* **What is being asked**
Your job is to print, exactly, the lines in the data below from the line with "Dieses Dialogfeld wird" through the line with "Funda Trasera para", both included, and to omit any picture.

═════ Recorded data

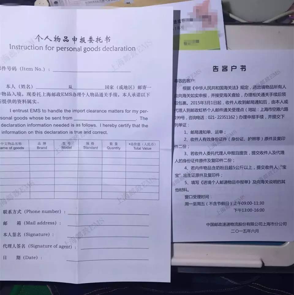 先说说 正常报税 ,需填写申报委托书 带上个人身份证明以及邮包单号到海关交税,如下图。
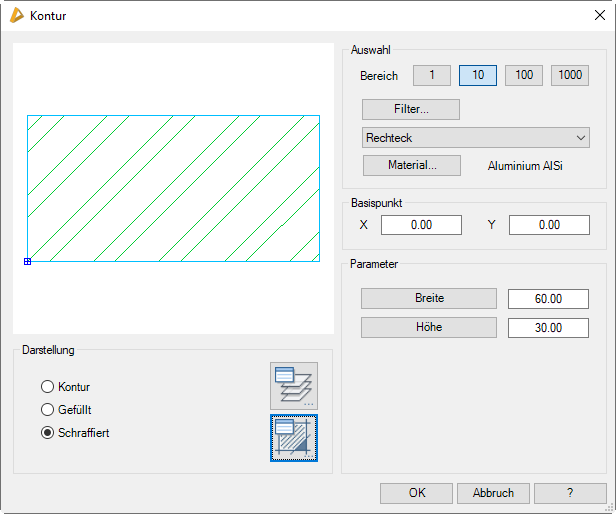 Dieses Dialogfeld wird auch von anderen Programmteilen aufgerufen. Daher ist es nicht immer zwingend die beschriebene Kontur in die Zeichnung einzufügen. Gegebenenfalls gelangen Sie zurück zum Ursprungsdialogfeld!
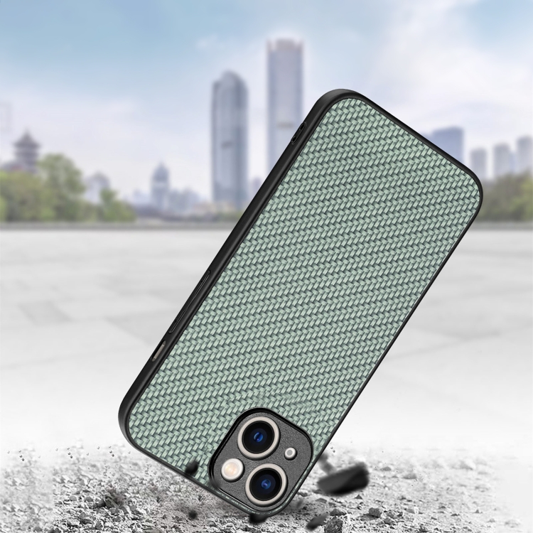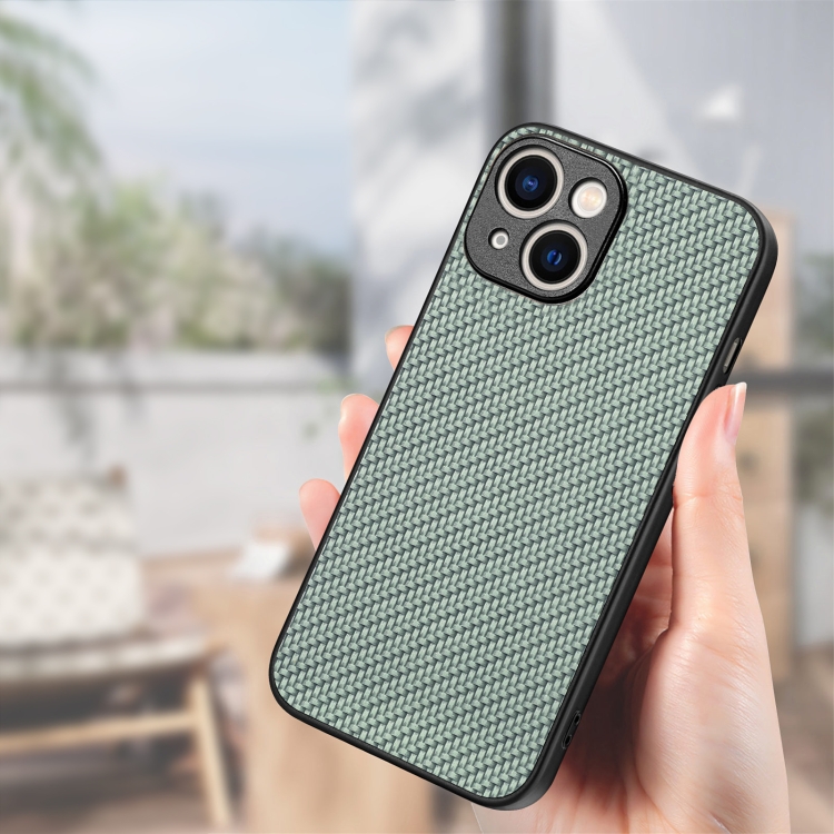 Funda Trasera para iPhone 15 Cuero con Textura de Fibra de Carbono (Verde)
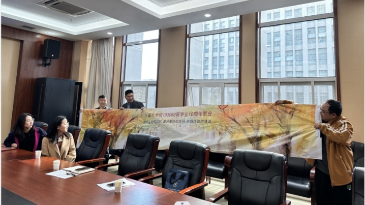 张磊、周骏代表193082班全体同学,向学院捐赠了十周年毕业聚会签名喷绘和一批计算机专业书籍,李国昌代表学院接受捐赠。

══════════

* **Solved problem**
 Dieses Dialogfeld wird auch von anderen Programmteilen aufgerufen. Daher ist es nicht immer zwingend die beschriebene Kontur in die Zeichnung einzufügen. Gegebenenfalls gelangen Sie zurück zum Ursprungsdialogfeld!
 Funda Trasera para iPhone 15 Cuero con Textura de Fibra de Carbono (Verde)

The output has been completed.